About the Author: Larry Leiby, Esq. was the founder and first chairman of the Florida Bar Construction Law Committee in 1976. He is the author of the Florida Construction Law Manual. He is Board Certified in Construction Law and was on the Construction Law Certification Committee that creates and grades the tests for construction law board certification. He was awarded the lifetime achievement award by the Florida Bar Construction Law Committee and teaches construction law at the Florida International University College of Law. He can be reached at [email protected]. For more information, please visit www.mkpalaw.com.

In The Plumbing Service Company v. Progressive Plumbing, Inc., Case No. 5D09-3171 (Fla. 5 th DCA Oct. 22, 2010), The Plumbing Service Company (“Plaintiff”) had sub-subcontract with Progressive Plumbing, Inc. (“Subcontractor”). Plaintiff sued Subcontractor alleging that Plaintiff had completed its work on 15 of 230 condominium units when Subcontractor breached the agreement by ejecting Plaintiff from the project before Plaintiff had time to complete its work under the contract. Plaintiff had successfully recovered for the unpaid work performed against a surety that had issued a payment bond for the project.

Subcontractor argued to the trial court that because Plaintiff had already recovered from the surety, Plaintiff should be barred from suing Subcontractor. The trial court agreed and granted summary judgment to Subcontractor based on the theory that once one has recovered under its chosen remedy, that party should be precluded from then seeking recovery under an alternative theory. Plaintiff appealed.

The appellate court found that Plaintiff recovered in its earlier action against the surety for the work it had completed but had not been paid for. The law generally does not permit a double recovery. However, Plaintiff’s suit against Subcontractor was not for the completed work. Plaintiff’s suit against Subcontractor was for lost profits that resulted from Subcontractor preventing Plaintiff from completing its work. Subcontractor admitted that Plaintiff could not recover lost profits from the surety pursuant to the subject bond. In attempt to avoid liability, Subcontractor made a technical legal argument that Plaintiff’s action for lost profits was barred by the “doctrine of election of remedies.”

The doctrine of election of remedies is intended to “prevent a double recovery for the same wrong.” It applies where the remedies sought are “coexistent and inconsistent,” but does not prevent a person from pursuing additional remedies to achieve “full satisfaction.”

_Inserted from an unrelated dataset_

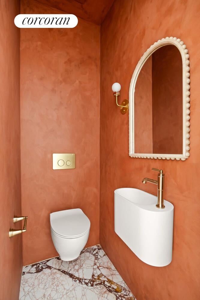 On the parlor level, two original fireplaces set the tone for elegant entertaining, while a sun-drenched bay window showcases restored 100-year-old stained glass in all its jewel-toned glory. Here's where the design magic truly reveals itself: marble accents on the fireplace hearths, custom newel post caps, kitchen window sills, and the powder room floor are all cut from the same luxurious slab as the kitchen countertops. This thoughtful continuity ties the home together, creating a visual rhythm that feels as cohesive as it is elevated. Even the powder room-tucked perfectly beside a discreet coat closet-is a jewel box moment. The parlor level also features a built-in Bose speaker system, bringing immersive sound to your entertaining and everyday living.

The appellate court found that because Plaintiff could not recover lost profits from the surety, and lost profits were a permissible type of damages to recover under a breach of contract action against Subcontractor, the doctrine of election of remedies did not apply. Therefore, the appellate court sent the case back to the trial court of additional proceedings.

The sub-subcontractor in this case received legal advice that correctly informed the sub-subcontractor that it did not have to accept only payment for work performed. Additionally, the sub-subcontractor’s lawyer made the proper allegations to allow the sub-subcontractor to pursue lost profits for the subcontractor’s breach of the contract. If ultimately successful, the sub-subcontractor would recover its lost profits on work it never performed.